OPINION

Food aid will help buy peace

The correlation between food security and national security is a direct one, as recent history shows. And agricultural aid is aid that works for the benefit of developing countries as well as Australia. Yet globally there has been a dangerous trend away from overseas development assistance to agriculture.

One of the most important contributions Australia can make to global stability and sustainability at a time of immense and potentially precarious global change is to help to feed people, and feed them well.

And there is no better time than now to take account of the impact of food security science, with the federal government formulating its white paper on foreign policy, which will include foreign aid. This is our opportunity to more sharply focus on food security and tap the skills, experience and expertise of the Australian agriculture sector. This can also use the tremendous existing goodwill built from decades of partnerships and “science diplomacy”.

There is an extensive literature on the drivers of conflict. The interrelationship between poverty and food insecurity on the one hand and national and regional conflict, peace and security on the other is complex but I was pleased to notice in the coverage of the recent G20 agricultural ministers meeting their conclusion that “agriculture is a part of global security politics”.

The most recent example is provided by Syria, where three years of drought, the consequential shortage of food and the failure of government to respond adequately led to mass migration to the cities. Poverty and unemployment provide a fertile breeding ground for discontent and its exploitation by extremist groups, leading to civil war and mass emigration. There is comparable evidence from Somalia and Sudan.

Extreme weather events seem to have become more frequent in recent decades and are predicted to further increase throughout this century. Such events will see more flooding and erosion of agricultural lands and increasing incidence of drought, as well as the physical stress placed on the poor as heatwaves become more frequent and longer.

Food insecurity caused by population growth, combined with this climate variability, should be of critical concern across much of Africa, the Middle East and the Asia-Pacific region. If the situation deteriorates, it is highly probable that civic unrest will promote opportunities for fanaticism, terrorism and plain old banditry, including in our own region.

Most people appreciate the good performance of our farmers who, like developing world farmers, work in harsh and changing conditions to adapt and adopt new technologies and farming practices. But the significant contribution of our science to our own food production and to global agricultural productivity and stability is also vital and perhaps less well appreciated.

Examples of Australian ingenuity that have made a big difference to global agriculture include a heat-tolerant vaccine to prevent the devastating Newcastle disease of chickens which provides families in Asia and Africa with more protein and income; an environmentally and farmer-friendly bait from brewery waste to kill fruit flies, a major pest of horticulture throughout Asia; and the Australian “happy seeder” that allows direct seeding of wheat into rice stubble to reduce pollution from burning, increase production and reduce fuel and labour costs in rice-wheat belts of South Asia.

I could go on. There’s no doubt that these and many other technologies and associated training bolster food security and farm productivity, lead to increased food and incomes, help farming families educate their kids, benefit the environment and support regional economic growth and peace.

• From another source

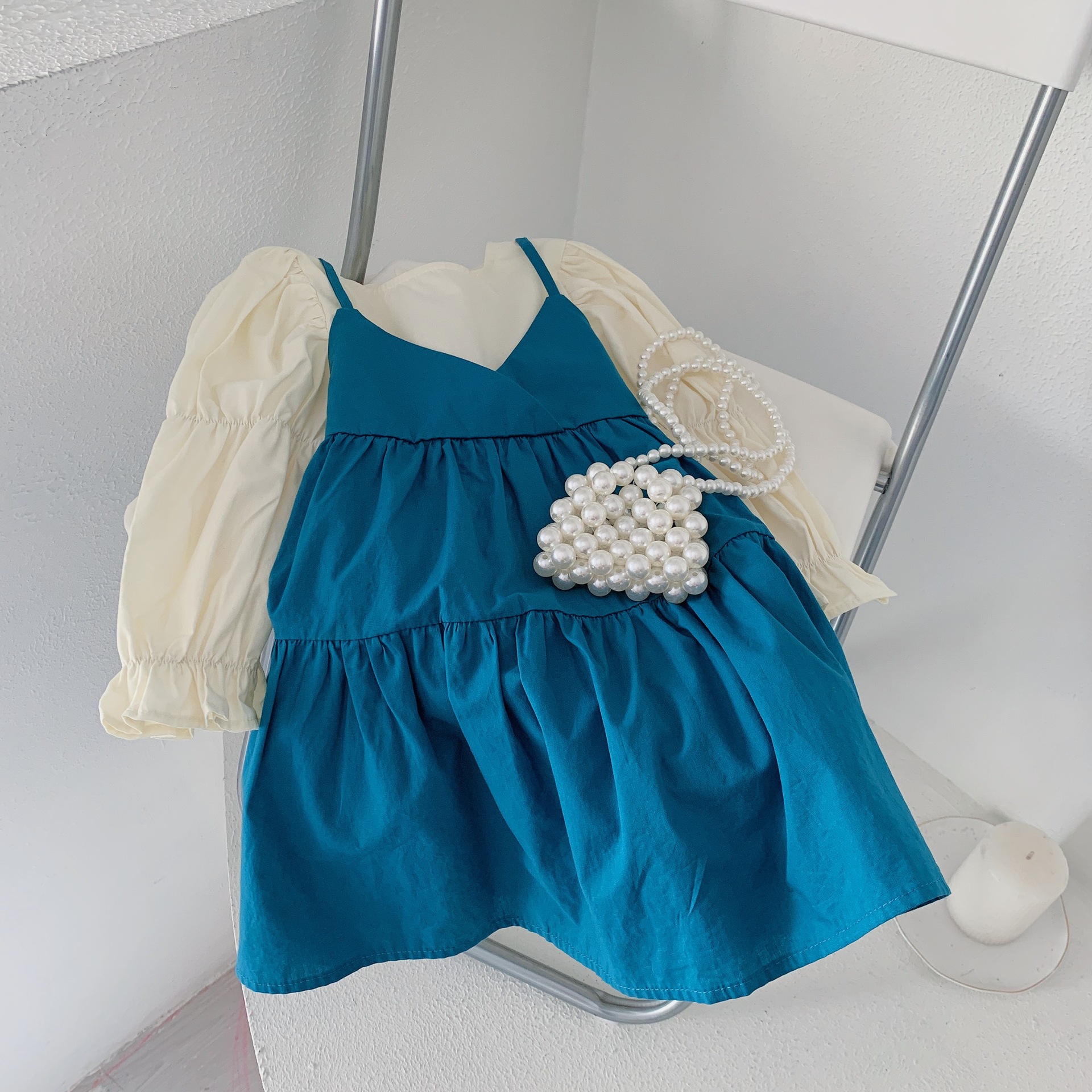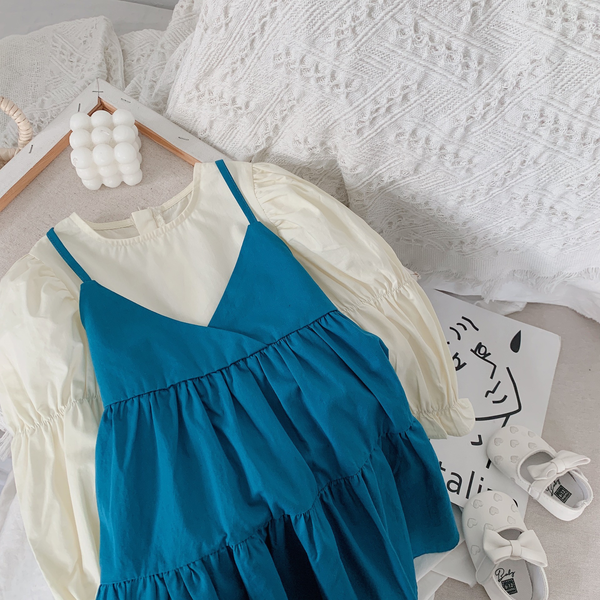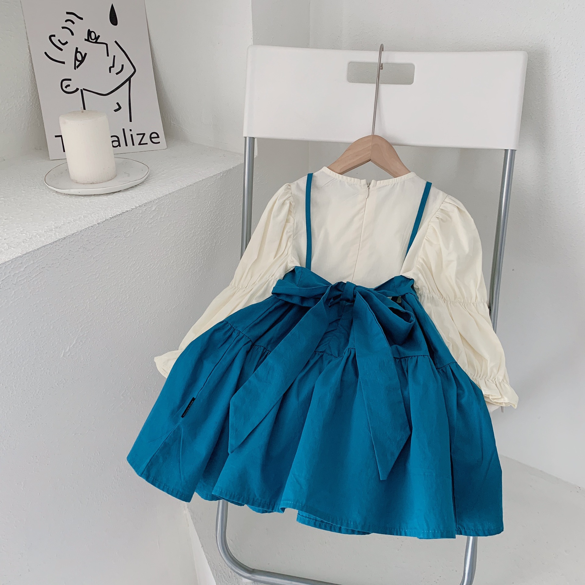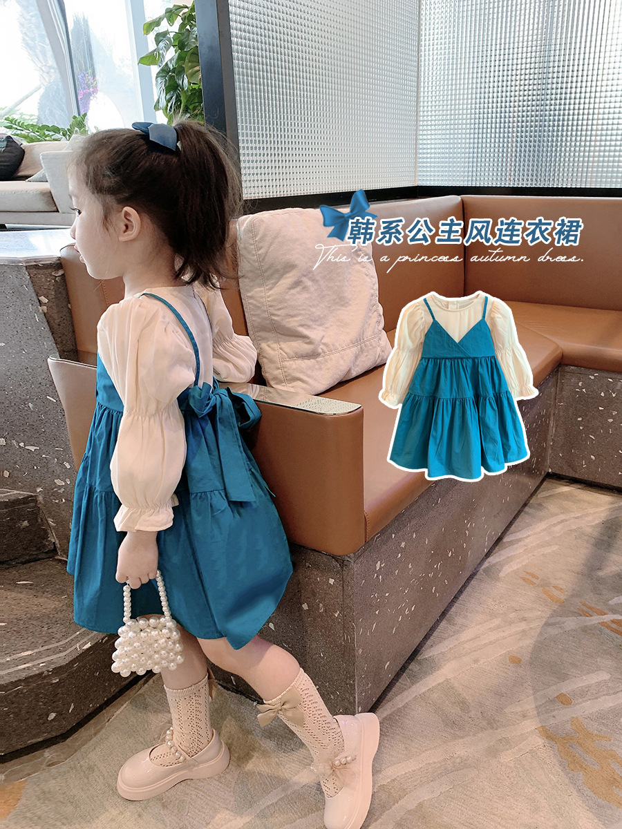 여아 웨스턴 스타일 공주 원피스 2023 가을 새로운 한국 아기 온라인 연예인 가짜 투피스 원피스 어린이 원피스 원피스스토어 가기

Beyond making us a good global citizen, supporting agricultural research for food security provides Australia with benefits worth more than we spend on it through our aid program. This is because new scientific tools and insights in developing countries can be applied to Australian agriculture because we share soil, water and climatic conditions, have interests in the same crops and livestock, and are troubled by similar pests and diseases.

Investment in agricultural research and development is a highly effective and efficient contribution to increased agricultural productivity, with significant benefits to Australia’s agriculture, biosecurity and expertise.

Conservative, independent evaluations of just a proportion of the investments by the main delivery agency of our agricultural aid activities, the Australian Centre for International Agricultural Research, show returns to research investments in the order of 50:1 among ACIAR’s developing country partners, along with significant social, environmental and capacity building benefits.

Australia, for all the excellent work it does, could lead the way for other countries and devote an increasing proportion of its aid budget to food security. Investment in international agricultural research is aid that works but it also provides the opportunity for us to be “doing well by doing good”.

 

John Anderson, chairman of the Crawford Fund, is a former Nationals leader and deputy prime minister. This column is based on a speech in Canberra last night to the Food Security and National Security in the Melanesian Arc forum.